Caricature is an artistic representation that deliberately exaggerates the distinctive features of a human face to convey humor or sarcasm. However, reconstructing a 3D caricature from a 2D caricature image remains a challenging task, mostly due to the lack of data. We propose to fill this gap by introducing 3DCaricShop, the first large-scale 3D caricature dataset that contains 2000 high-quality diversified 3D caricatures manually crafted by professional artists. 3DCaricShop also provides rich annotations including a paired 2D caricature image, camera parameters and 3D facial landmarks. To demonstrate the advantage of 3DCaricShop, we present a novel baseline approach for single-view 3D caricature reconstruction. To ensure a faithful reconstruction with plausible face deformations, we propose to connect the good ends of the detail-rich implicit functions and the parametric mesh representations. In particular, we first register a template mesh to the output of the implicit generator and iteratively project the registration result onto a pre-trained PCA space to resolve artifacts and self-intersections. To deal with the large deformation during non-rigid registration, we propose a novel view-collaborative graph convolution network (VC-GCN) to extract key points from the implicit mesh for accurate alignment. Our method is able to generate high-fidelity 3D caricature in a pre-defined mesh topology that is animation-ready. Extensive experiments have been conducted on 3DCaricShop to verify the significance of the database and the effectiveness of the proposed method. We will release 3DCaricShop upon publication.
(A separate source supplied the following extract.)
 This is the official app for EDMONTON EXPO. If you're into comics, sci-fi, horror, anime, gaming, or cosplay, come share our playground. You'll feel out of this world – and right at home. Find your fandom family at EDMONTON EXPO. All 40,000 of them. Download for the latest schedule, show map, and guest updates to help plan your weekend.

[1]  Wen Gao,et al.  Semi‐Supervised Learning in Reconstructed Manifold Space for 3D Caricature Generation , 2009, Comput. Graph. Forum.
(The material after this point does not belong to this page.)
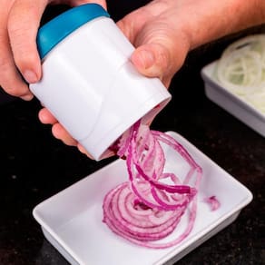 O Cortador Espiral da linha Gourmet da Prana é o acessório perfeito para cortar cebolas com facilidade e sem arder os olhos.

[2]  Ruigang Yang,et al.  FaceScape: A Large-Scale High Quality 3D Face Dataset and Detailed Riggable 3D Face Prediction , 2020, 2020 IEEE/CVF Conference on Computer Vision and Pattern Recognition (CVPR).

[3]  Kyoung Mu Lee,et al.  V2V-PoseNet: Voxel-to-Voxel Prediction Network for Accurate 3D Hand and Human Pose Estimation from a Single Depth Map , 2017, 2018 IEEE/CVF Conference on Computer Vision and Pattern Recognition.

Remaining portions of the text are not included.